─── Source data
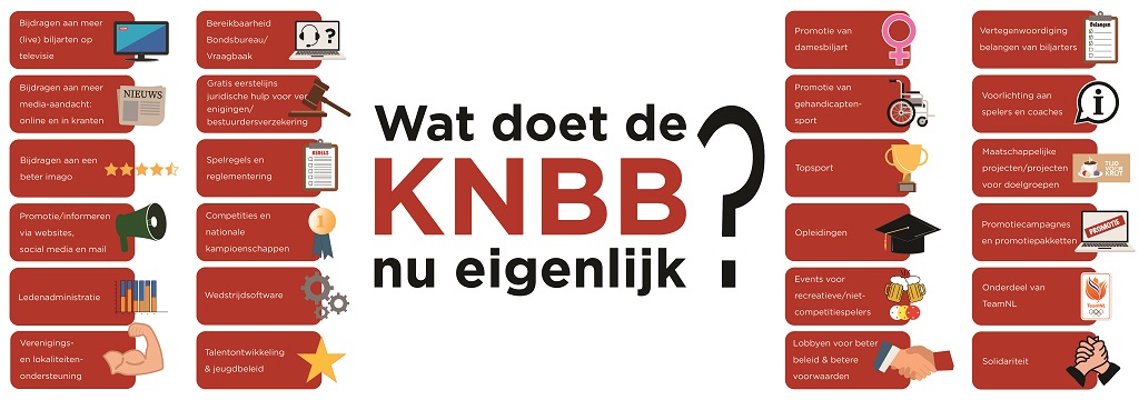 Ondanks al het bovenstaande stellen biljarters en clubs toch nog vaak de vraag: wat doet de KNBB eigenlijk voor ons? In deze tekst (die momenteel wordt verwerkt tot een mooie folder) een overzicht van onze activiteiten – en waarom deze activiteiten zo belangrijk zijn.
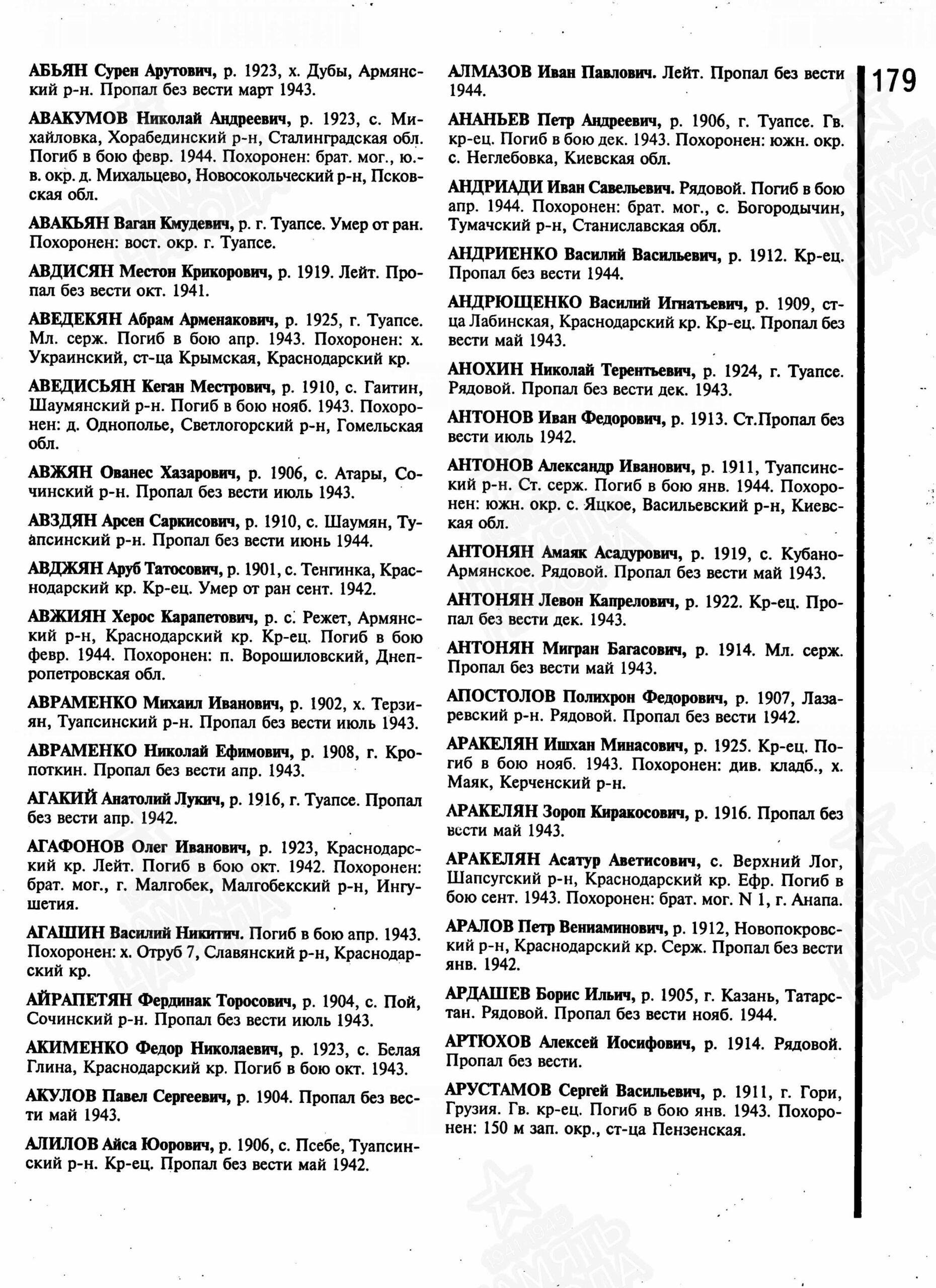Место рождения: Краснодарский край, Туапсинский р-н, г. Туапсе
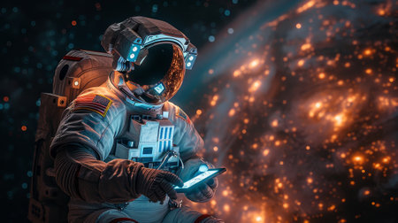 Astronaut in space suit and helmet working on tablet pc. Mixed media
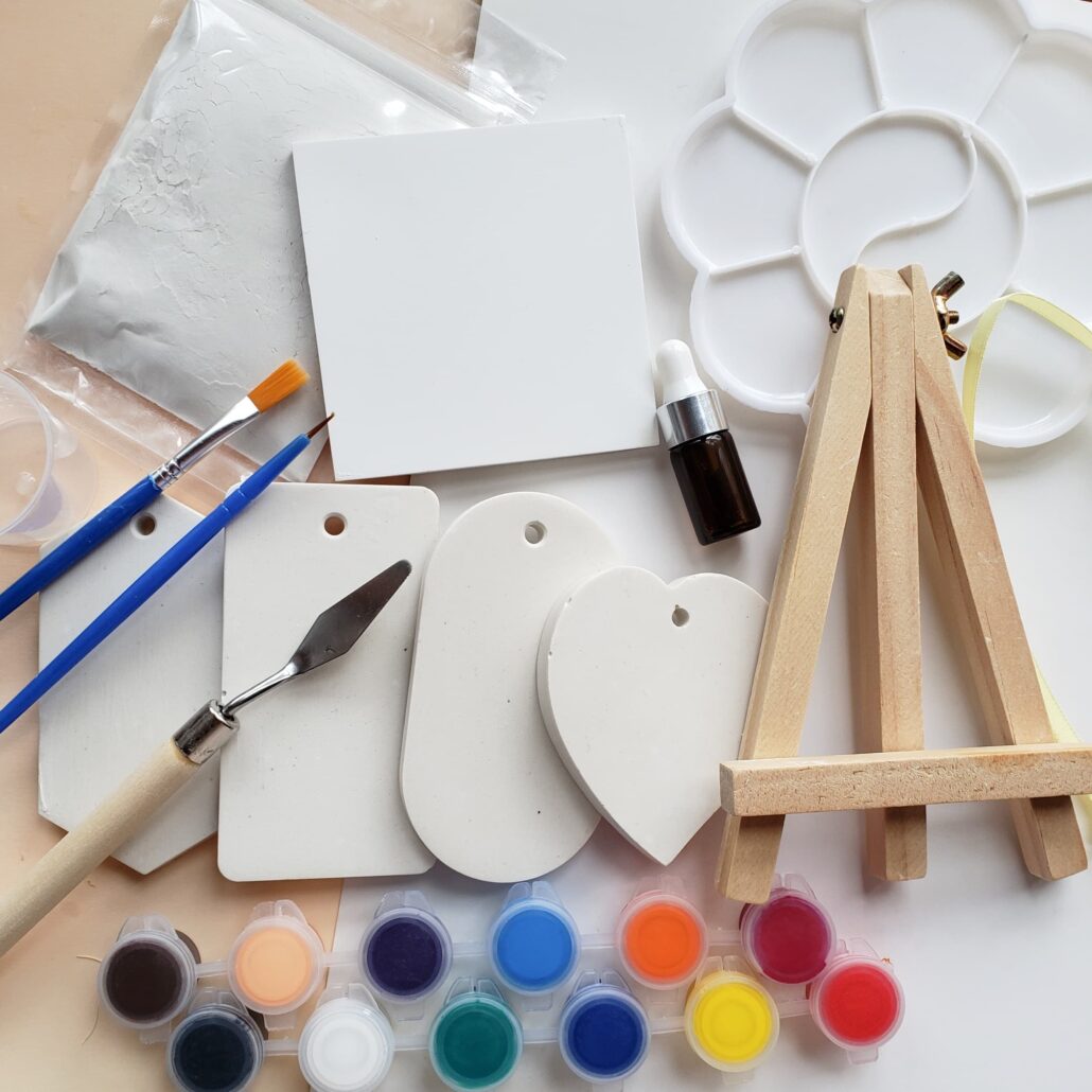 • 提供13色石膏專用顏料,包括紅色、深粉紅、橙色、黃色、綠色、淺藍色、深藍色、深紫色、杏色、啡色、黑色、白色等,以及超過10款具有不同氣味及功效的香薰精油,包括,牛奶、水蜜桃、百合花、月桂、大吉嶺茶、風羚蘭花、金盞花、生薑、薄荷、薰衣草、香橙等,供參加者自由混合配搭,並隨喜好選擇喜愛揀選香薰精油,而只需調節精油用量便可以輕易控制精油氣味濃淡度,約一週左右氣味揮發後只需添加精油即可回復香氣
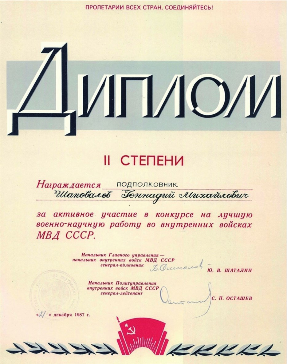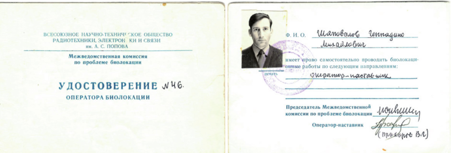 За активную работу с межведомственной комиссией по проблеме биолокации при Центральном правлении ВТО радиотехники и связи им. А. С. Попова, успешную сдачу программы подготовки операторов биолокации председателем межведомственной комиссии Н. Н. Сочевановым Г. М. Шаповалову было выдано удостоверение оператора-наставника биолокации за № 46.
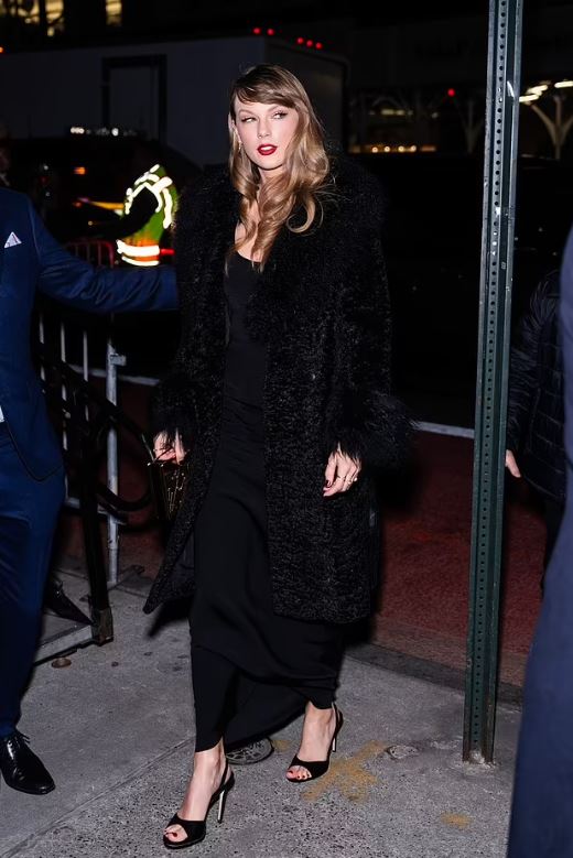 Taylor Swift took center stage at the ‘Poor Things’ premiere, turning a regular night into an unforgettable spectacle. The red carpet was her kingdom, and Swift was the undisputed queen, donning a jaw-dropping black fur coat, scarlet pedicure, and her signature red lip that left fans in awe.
──────
Task to carry out
Leaving the pictures out, print every line of the listing exactly.

Worked solution
 Ondanks al het bovenstaande stellen biljarters en clubs toch nog vaak de vraag: wat doet de KNBB eigenlijk voor ons? In deze tekst (die momenteel wordt verwerkt tot een mooie folder) een overzicht van onze activiteiten – en waarom deze activiteiten zo belangrijk zijn.
Место рождения: Краснодарский край, Туапсинский р-н, г. Туапсе
 Astronaut in space suit and helmet working on tablet pc. Mixed media
 • 提供13色石膏專用顏料,包括紅色、深粉紅、橙色、黃色、綠色、淺藍色、深藍色、深紫色、杏色、啡色、黑色、白色等,以及超過10款具有不同氣味及功效的香薰精油,包括,牛奶、水蜜桃、百合花、月桂、大吉嶺茶、風羚蘭花、金盞花、生薑、薄荷、薰衣草、香橙等,供參加者自由混合配搭,並隨喜好選擇喜愛揀選香薰精油,而只需調節精油用量便可以輕易控制精油氣味濃淡度,約一週左右氣味揮發後只需添加精油即可回復香氣
 За активную работу с межведомственной комиссией по проблеме биолокации при Центральном правлении ВТО радиотехники и связи им. А. С. Попова, успешную сдачу программы подготовки операторов биолокации председателем межведомственной комиссии Н. Н. Сочевановым Г. М. Шаповалову было выдано удостоверение оператора-наставника биолокации за № 46.
 Taylor Swift took center stage at the ‘Poor Things’ premiere, turning a regular night into an unforgettable spectacle. The red carpet was her kingdom, and Swift was the undisputed queen, donning a jaw-dropping black fur coat, scarlet pedicure, and her signature red lip that left fans in awe.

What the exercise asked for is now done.